C’est important de recruter des gens passionnés, motivés et dotés d’une envie d’apprendre, car nous allons poursuivre notre expansion en ouvrant de nouveaux magasins. Il y a donc des opportunités de poste pour ceux qui entrent chez Décathlon et souhaitent progresser.
Comment voyez-vous l’avenir ?
Je pense que nous allons poursuivre notre développement sous de bons auspices. Les Cambodgiens ont de plus en plus de temps libre, la classe moyenne accorde aujourd’hui bien plus plus d’importance aux loisirs et donc au sport, que ce soit après le travail, le weekend et durant les vacances.
Nous aidons plusieurs sports au travers de partenariats locaux avec le tennis et le badminton, avec des organisateurs de randonnée, avec la fondation Azhar qui forme des coachs de yoga et aussi avec des salles de « Fitness ».
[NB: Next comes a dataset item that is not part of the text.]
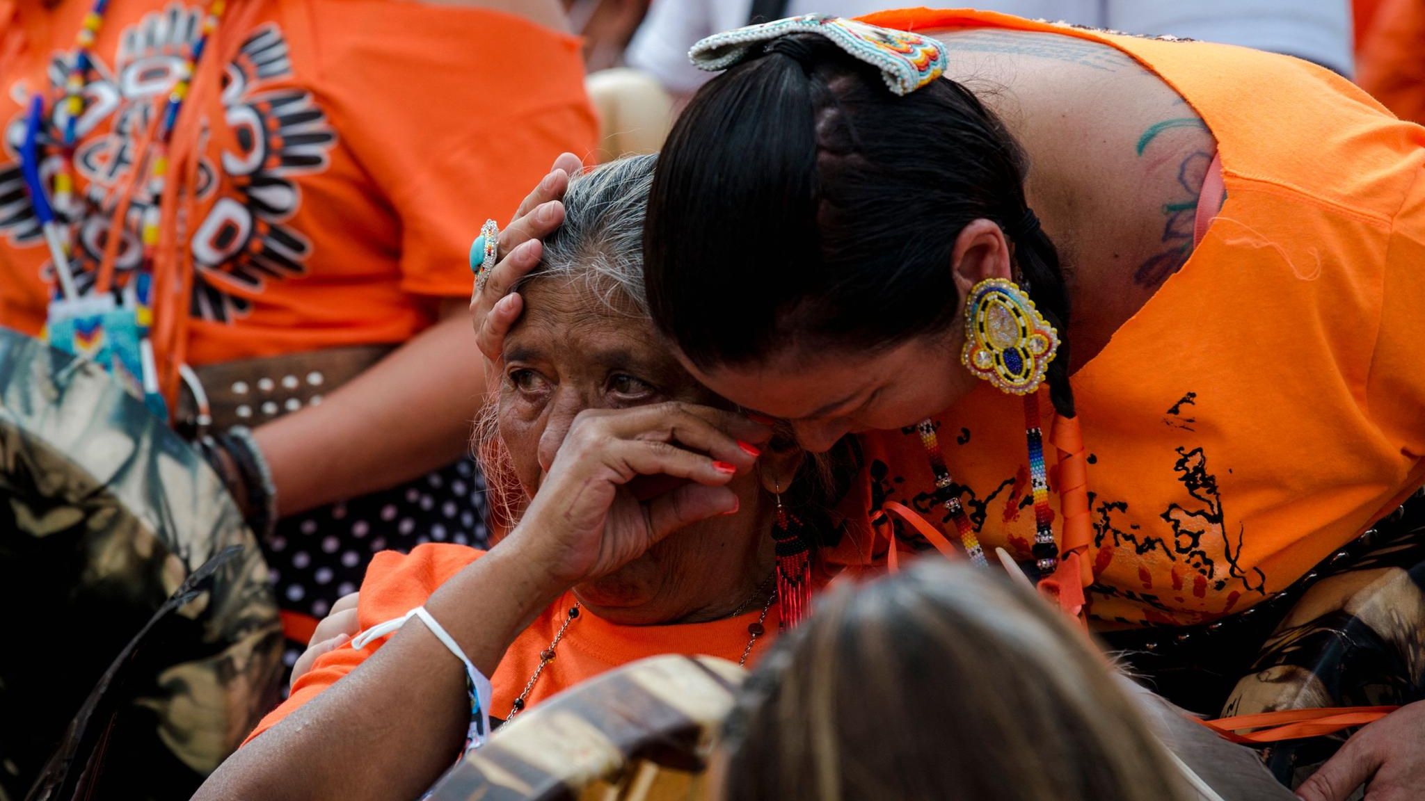 Die Trauer ist aktuell und real – indigene Frau am Mont Royal in Montréal.

Depuis 2018, nous soutenons les clubs et fédérations qui souhaitent promouvoir le sport au travers de partenariats, mais aussi d’événements que nous allons proposer à nouveau comme le Festival des Sports qui fêtera sa 4e édition le 1er mai dans le hall d’AEON Sen Sok.
Toujours le temps de jouer au tennis ?
J’essaye de trouver le temps de jouer au tennis avec les pratiquants de la communauté française, mais aussi les Japonais et Coréens qui ont aussi quelques joueurs très sympas. Mais, la difficulté est de rassembler ces gens pour créer une authentique ambiance tennis. Il y a déjà quelques initiatives encourageantes de la part du Cambodia Country Club avec l’organisation de tournois et de stages de tennis.
Votre famille est-elle sportive ?
J’ai deux petites filles, Nina et Lou qui sont toutes deux férues d’équitation, à l’image de leur maman Anne Céline, passionnée de ce sport et que j’ai rencontrée… chez… Decathlon alors qu’elle y travaillait en job étudiant (sourire).